Start of Block

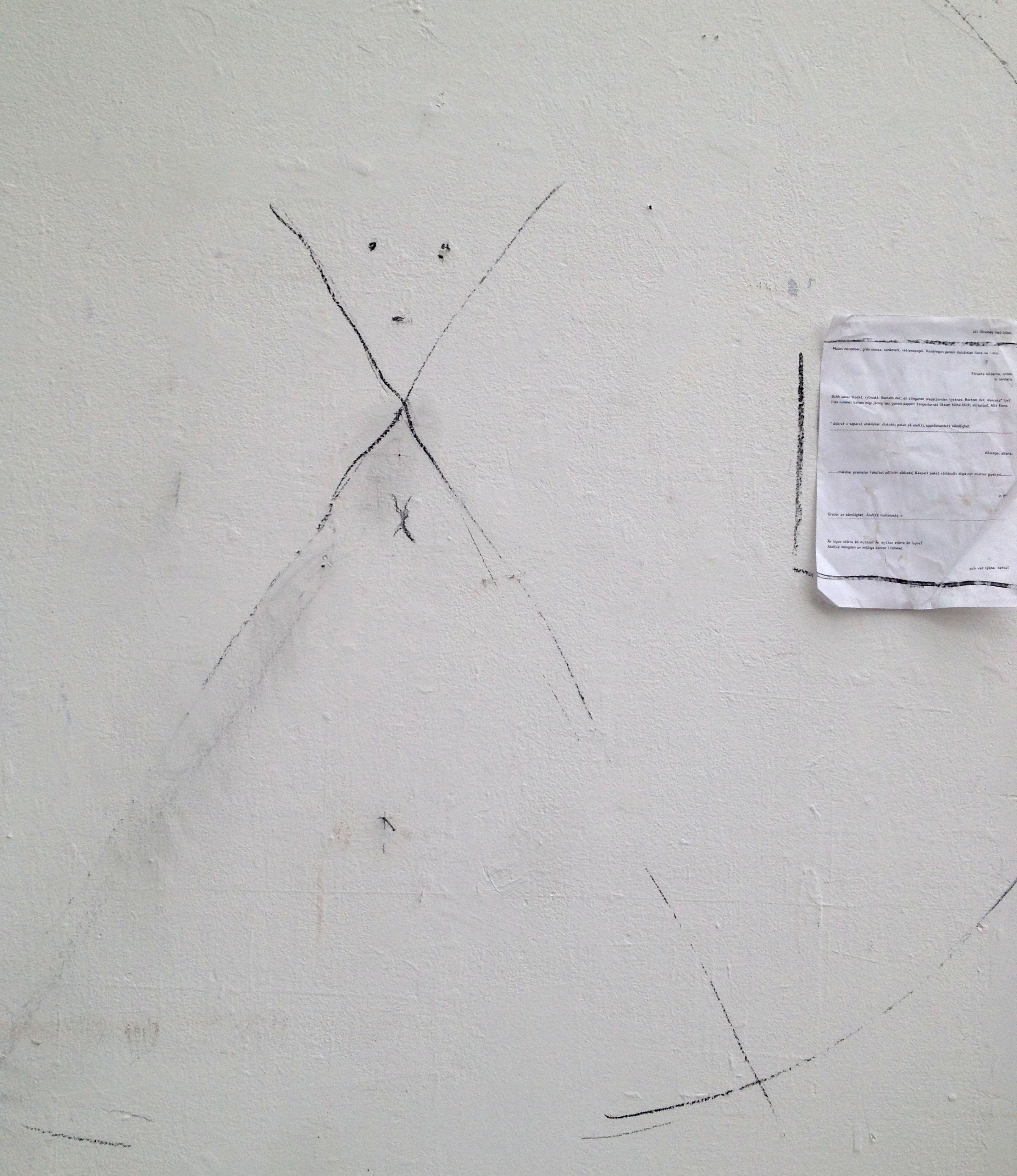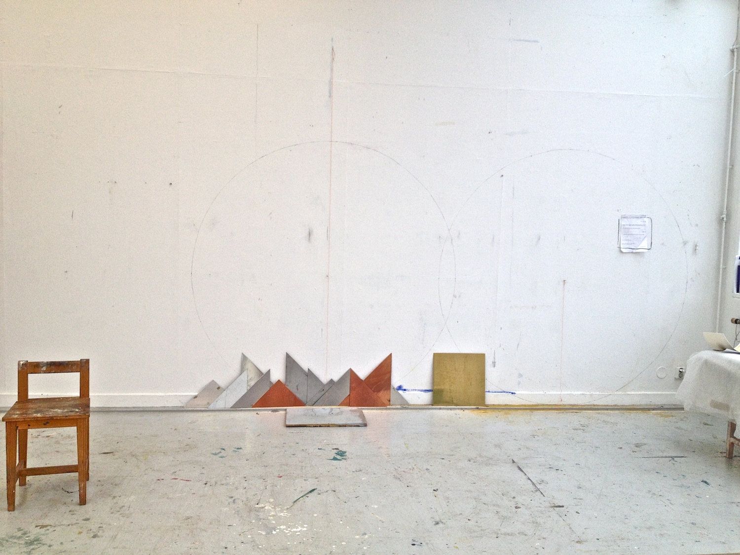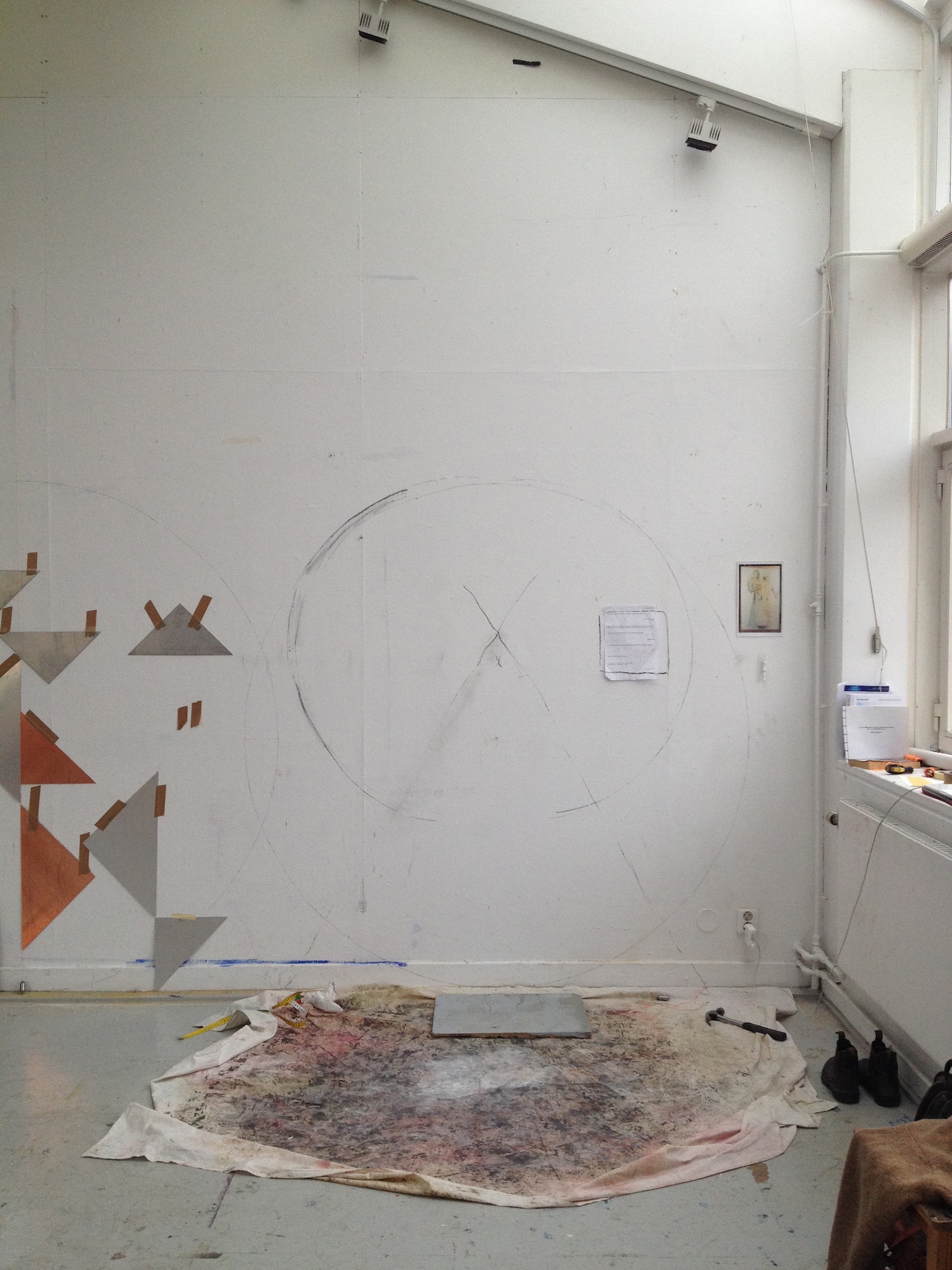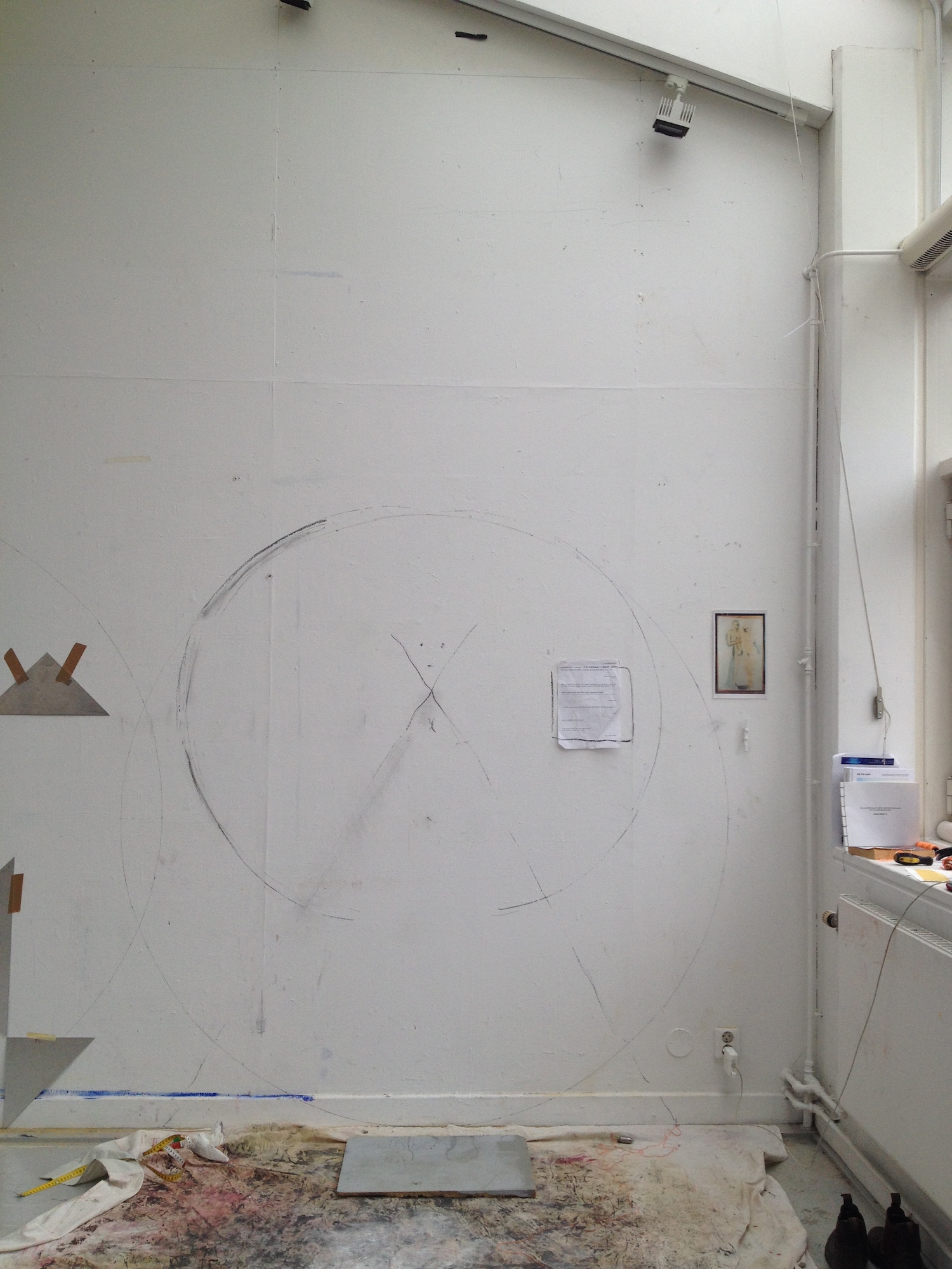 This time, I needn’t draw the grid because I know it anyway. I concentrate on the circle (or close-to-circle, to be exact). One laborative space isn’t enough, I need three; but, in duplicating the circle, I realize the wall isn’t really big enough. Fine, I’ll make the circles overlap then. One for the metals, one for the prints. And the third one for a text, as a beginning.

End of Block
Start of Block

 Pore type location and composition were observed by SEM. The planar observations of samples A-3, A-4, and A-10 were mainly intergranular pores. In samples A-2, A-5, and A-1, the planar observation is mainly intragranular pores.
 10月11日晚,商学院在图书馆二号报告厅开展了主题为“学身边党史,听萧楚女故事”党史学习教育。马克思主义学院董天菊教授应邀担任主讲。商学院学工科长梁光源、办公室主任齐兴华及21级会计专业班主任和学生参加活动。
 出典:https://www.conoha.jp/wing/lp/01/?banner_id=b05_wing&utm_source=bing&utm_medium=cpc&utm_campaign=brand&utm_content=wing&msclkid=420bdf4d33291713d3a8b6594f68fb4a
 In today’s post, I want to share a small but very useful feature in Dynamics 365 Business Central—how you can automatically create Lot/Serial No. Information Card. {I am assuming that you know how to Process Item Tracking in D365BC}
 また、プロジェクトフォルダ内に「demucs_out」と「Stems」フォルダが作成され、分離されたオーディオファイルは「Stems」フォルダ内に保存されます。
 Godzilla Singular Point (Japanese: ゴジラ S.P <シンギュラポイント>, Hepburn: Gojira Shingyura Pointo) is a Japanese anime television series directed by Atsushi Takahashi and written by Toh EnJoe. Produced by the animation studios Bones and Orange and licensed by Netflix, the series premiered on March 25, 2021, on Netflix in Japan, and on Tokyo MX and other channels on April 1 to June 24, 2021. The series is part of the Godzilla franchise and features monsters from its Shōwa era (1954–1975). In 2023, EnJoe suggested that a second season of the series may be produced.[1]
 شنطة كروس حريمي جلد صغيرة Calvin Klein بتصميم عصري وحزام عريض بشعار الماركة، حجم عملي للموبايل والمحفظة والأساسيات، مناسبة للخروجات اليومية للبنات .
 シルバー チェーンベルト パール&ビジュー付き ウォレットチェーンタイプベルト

End of Block

» Aim of the exercise: Precisely the lines between those holding "また、プロジェクトフォルダ内" and "シルバー チェーンベルト パール&ビジュー付き ウォレットチェーンタイプベルト", inclusive, are to be reproduced from the listing above, with nothing added.

» Exercise output:
 また、プロジェクトフォルダ内に「demucs_out」と「Stems」フォルダが作成され、分離されたオーディオファイルは「Stems」フォルダ内に保存されます。
 Godzilla Singular Point (Japanese: ゴジラ S.P <シンギュラポイント>, Hepburn: Gojira Shingyura Pointo) is a Japanese anime television series directed by Atsushi Takahashi and written by Toh EnJoe. Produced by the animation studios Bones and Orange and licensed by Netflix, the series premiered on March 25, 2021, on Netflix in Japan, and on Tokyo MX and other channels on April 1 to June 24, 2021. The series is part of the Godzilla franchise and features monsters from its Shōwa era (1954–1975). In 2023, EnJoe suggested that a second season of the series may be produced.[1]
 شنطة كروس حريمي جلد صغيرة Calvin Klein بتصميم عصري وحزام عريض بشعار الماركة، حجم عملي للموبايل والمحفظة والأساسيات، مناسبة للخروجات اليومية للبنات .
 シルバー チェーンベルト パール&ビジュー付き ウォレットチェーンタイプベルト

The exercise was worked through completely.